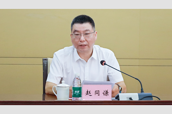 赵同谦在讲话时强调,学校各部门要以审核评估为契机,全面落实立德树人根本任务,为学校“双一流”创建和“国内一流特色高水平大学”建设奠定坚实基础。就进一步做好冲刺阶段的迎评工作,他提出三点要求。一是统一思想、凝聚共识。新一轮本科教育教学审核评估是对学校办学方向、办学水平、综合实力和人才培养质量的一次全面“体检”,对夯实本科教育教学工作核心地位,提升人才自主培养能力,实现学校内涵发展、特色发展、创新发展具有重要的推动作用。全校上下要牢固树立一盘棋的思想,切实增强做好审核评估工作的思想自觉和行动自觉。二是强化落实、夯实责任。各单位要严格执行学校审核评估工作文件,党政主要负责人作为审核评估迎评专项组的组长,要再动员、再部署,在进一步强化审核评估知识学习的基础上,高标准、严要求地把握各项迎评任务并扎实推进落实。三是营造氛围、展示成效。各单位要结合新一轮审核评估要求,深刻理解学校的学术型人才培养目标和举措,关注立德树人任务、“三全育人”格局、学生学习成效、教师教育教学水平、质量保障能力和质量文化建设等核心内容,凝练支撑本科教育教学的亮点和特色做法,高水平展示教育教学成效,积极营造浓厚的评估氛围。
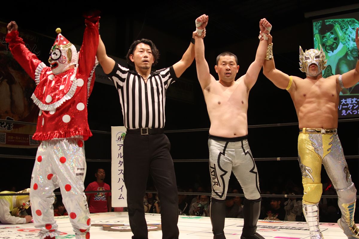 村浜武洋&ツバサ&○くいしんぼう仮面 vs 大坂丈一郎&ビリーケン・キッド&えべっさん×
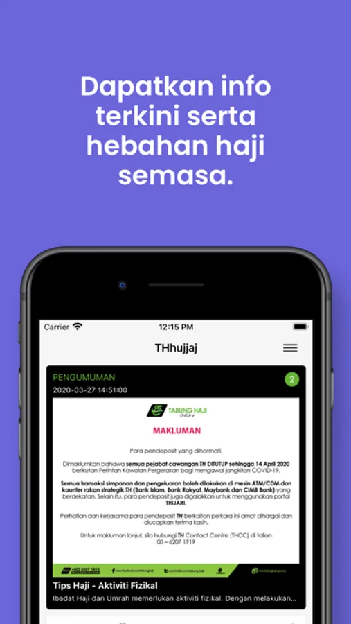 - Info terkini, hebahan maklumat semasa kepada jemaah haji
:::::
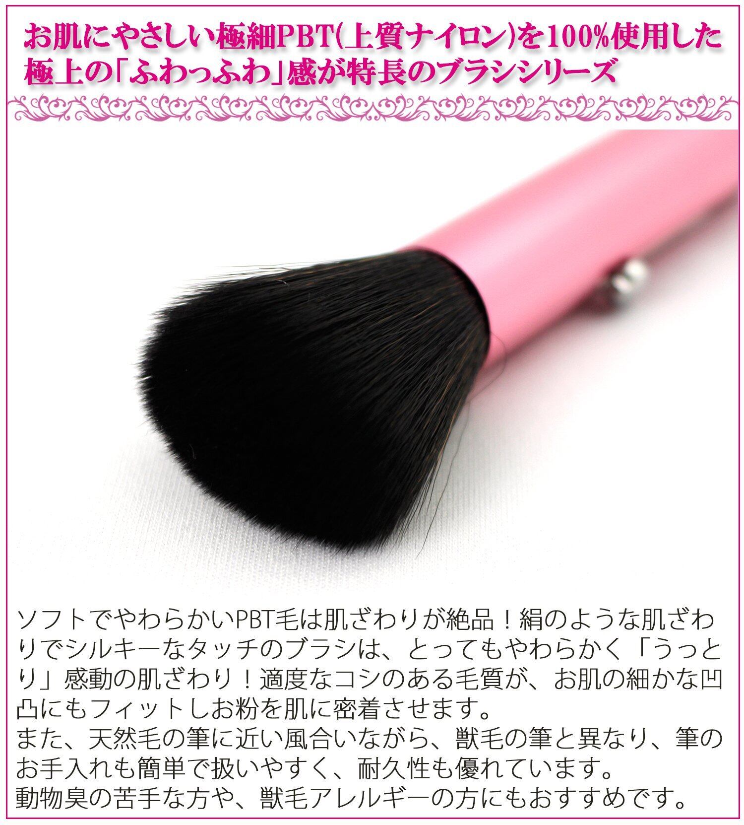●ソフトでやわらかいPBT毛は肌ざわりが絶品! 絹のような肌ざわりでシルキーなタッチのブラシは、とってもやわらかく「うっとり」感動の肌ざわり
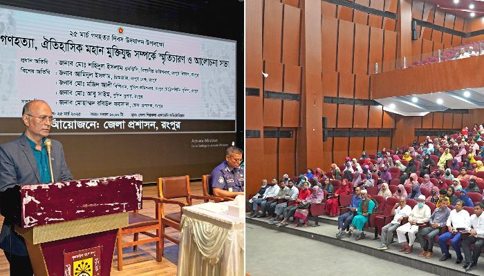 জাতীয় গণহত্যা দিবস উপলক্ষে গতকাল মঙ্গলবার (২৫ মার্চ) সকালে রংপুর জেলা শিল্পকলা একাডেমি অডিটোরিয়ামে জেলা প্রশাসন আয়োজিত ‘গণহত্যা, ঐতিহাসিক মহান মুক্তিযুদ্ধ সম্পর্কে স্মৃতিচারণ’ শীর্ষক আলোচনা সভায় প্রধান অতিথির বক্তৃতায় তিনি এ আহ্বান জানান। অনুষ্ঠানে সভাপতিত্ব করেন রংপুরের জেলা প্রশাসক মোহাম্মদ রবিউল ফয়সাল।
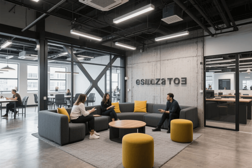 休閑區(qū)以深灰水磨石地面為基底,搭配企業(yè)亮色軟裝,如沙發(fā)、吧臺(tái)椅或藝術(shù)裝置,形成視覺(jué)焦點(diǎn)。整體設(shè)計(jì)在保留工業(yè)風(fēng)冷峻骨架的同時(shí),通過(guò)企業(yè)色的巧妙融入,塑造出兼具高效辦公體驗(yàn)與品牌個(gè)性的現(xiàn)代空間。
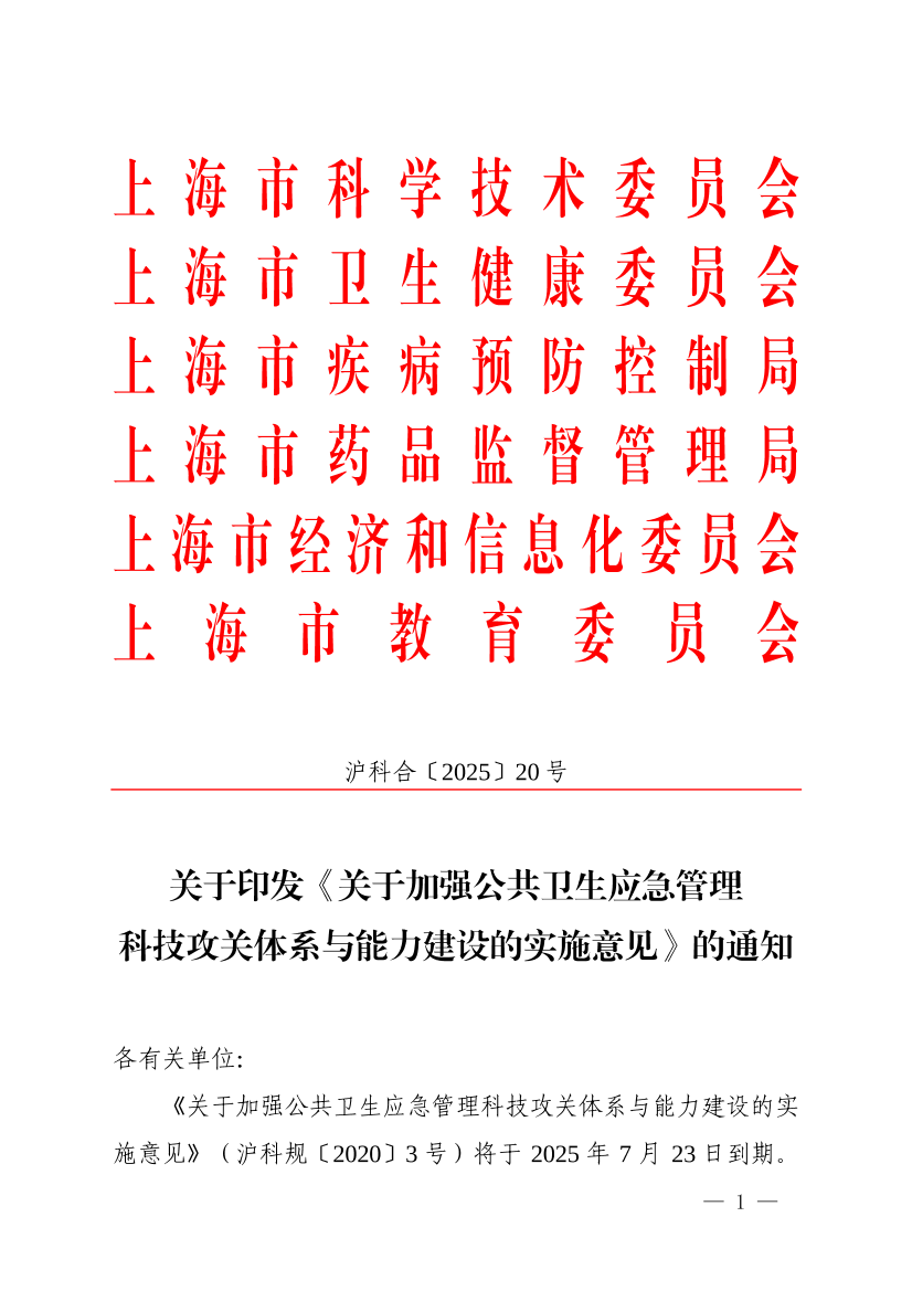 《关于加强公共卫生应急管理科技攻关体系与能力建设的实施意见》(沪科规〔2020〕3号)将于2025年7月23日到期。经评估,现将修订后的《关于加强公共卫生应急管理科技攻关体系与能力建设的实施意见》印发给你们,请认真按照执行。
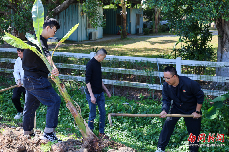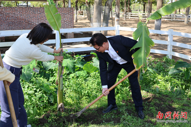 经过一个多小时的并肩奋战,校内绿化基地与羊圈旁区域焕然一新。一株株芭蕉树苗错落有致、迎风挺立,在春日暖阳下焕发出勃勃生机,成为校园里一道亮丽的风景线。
:::::
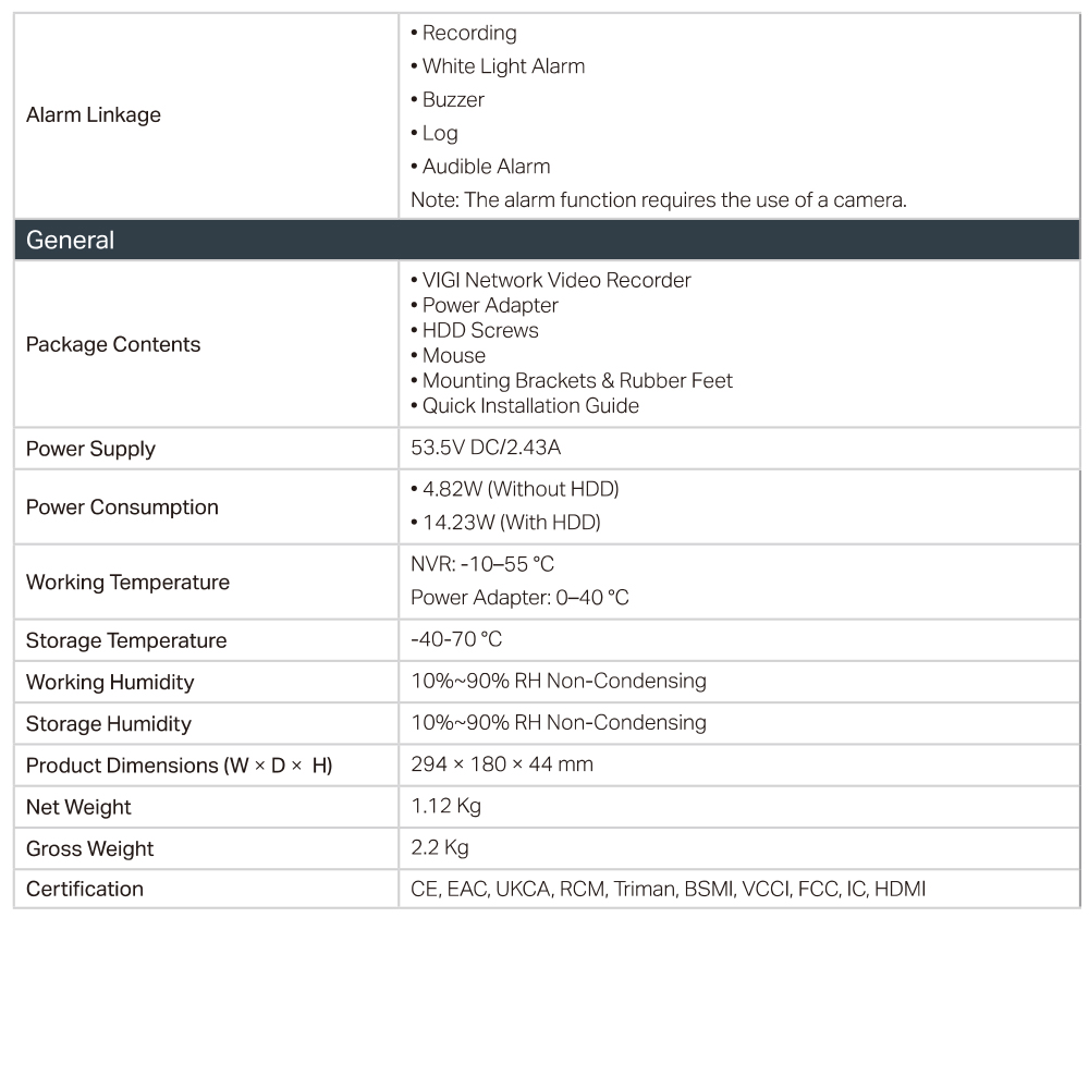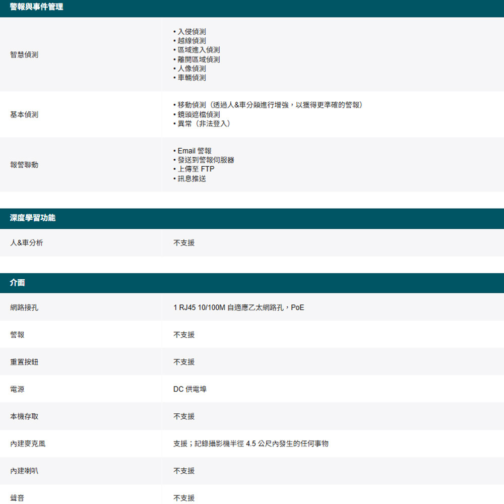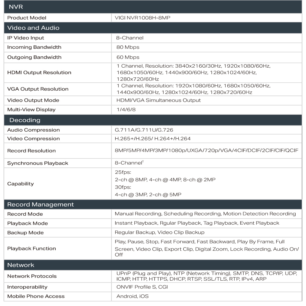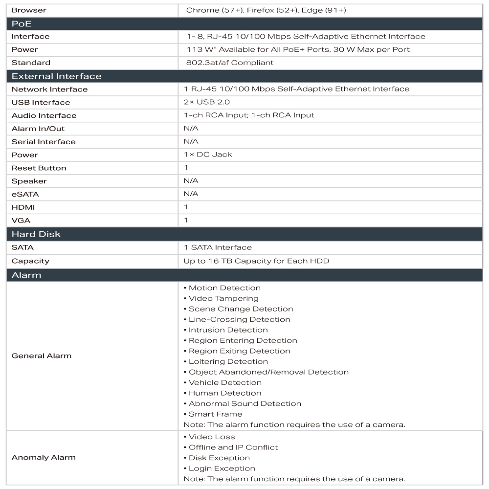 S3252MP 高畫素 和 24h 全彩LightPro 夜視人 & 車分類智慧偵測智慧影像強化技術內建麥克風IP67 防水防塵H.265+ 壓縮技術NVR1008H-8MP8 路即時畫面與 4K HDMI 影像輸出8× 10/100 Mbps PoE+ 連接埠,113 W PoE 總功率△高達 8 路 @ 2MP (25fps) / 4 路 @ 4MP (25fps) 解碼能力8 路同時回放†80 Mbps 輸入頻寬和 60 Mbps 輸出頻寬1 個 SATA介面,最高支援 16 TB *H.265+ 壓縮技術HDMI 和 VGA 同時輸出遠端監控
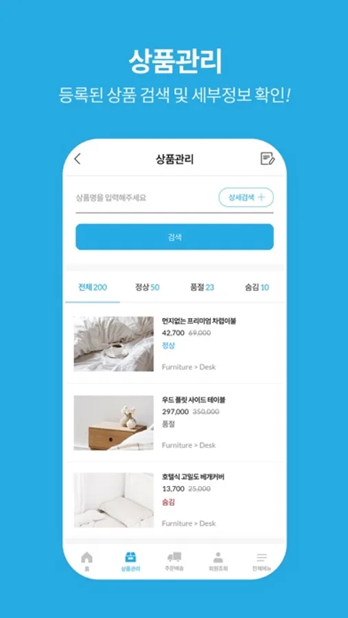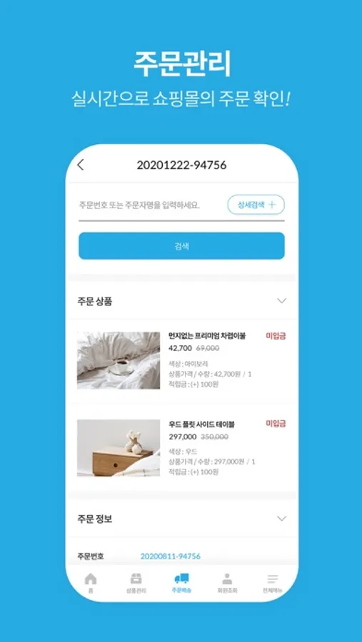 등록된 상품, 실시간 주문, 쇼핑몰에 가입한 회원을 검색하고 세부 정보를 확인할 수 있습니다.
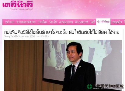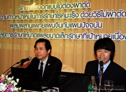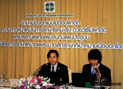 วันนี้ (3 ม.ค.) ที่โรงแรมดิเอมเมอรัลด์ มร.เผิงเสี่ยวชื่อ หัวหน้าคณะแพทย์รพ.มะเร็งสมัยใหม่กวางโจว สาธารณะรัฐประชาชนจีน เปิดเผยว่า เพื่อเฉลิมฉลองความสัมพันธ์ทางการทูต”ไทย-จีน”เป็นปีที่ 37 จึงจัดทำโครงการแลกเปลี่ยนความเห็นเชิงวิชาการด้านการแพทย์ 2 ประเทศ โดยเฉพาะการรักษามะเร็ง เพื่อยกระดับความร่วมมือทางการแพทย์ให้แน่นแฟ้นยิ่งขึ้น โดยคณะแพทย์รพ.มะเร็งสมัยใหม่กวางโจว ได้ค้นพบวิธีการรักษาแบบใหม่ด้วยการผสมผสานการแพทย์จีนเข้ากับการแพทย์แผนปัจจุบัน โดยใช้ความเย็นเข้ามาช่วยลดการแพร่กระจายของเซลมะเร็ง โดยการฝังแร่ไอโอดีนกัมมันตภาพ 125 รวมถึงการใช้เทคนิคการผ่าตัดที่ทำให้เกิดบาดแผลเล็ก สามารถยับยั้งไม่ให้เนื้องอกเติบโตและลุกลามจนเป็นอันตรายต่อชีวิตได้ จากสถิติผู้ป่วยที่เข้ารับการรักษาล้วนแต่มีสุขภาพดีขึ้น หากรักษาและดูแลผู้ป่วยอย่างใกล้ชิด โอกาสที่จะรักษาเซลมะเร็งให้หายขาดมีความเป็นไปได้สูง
:::::
WHAT IS REQUIRED → What should come back is an exact copy of the lines above from the line with "赵同谦在讲话时强调,学校各部" to the line with "- Info terkini, hebahan", both included, minus the pictures.

ANSWER TO THE PROBLEM →
 赵同谦在讲话时强调,学校各部门要以审核评估为契机,全面落实立德树人根本任务,为学校“双一流”创建和“国内一流特色高水平大学”建设奠定坚实基础。就进一步做好冲刺阶段的迎评工作,他提出三点要求。一是统一思想、凝聚共识。新一轮本科教育教学审核评估是对学校办学方向、办学水平、综合实力和人才培养质量的一次全面“体检”,对夯实本科教育教学工作核心地位,提升人才自主培养能力,实现学校内涵发展、特色发展、创新发展具有重要的推动作用。全校上下要牢固树立一盘棋的思想,切实增强做好审核评估工作的思想自觉和行动自觉。二是强化落实、夯实责任。各单位要严格执行学校审核评估工作文件,党政主要负责人作为审核评估迎评专项组的组长,要再动员、再部署,在进一步强化审核评估知识学习的基础上,高标准、严要求地把握各项迎评任务并扎实推进落实。三是营造氛围、展示成效。各单位要结合新一轮审核评估要求,深刻理解学校的学术型人才培养目标和举措,关注立德树人任务、“三全育人”格局、学生学习成效、教师教育教学水平、质量保障能力和质量文化建设等核心内容,凝练支撑本科教育教学的亮点和特色做法,高水平展示教育教学成效,积极营造浓厚的评估氛围。
 村浜武洋&ツバサ&○くいしんぼう仮面 vs 大坂丈一郎&ビリーケン・キッド&えべっさん×
 - Info terkini, hebahan maklumat semasa kepada jemaah haji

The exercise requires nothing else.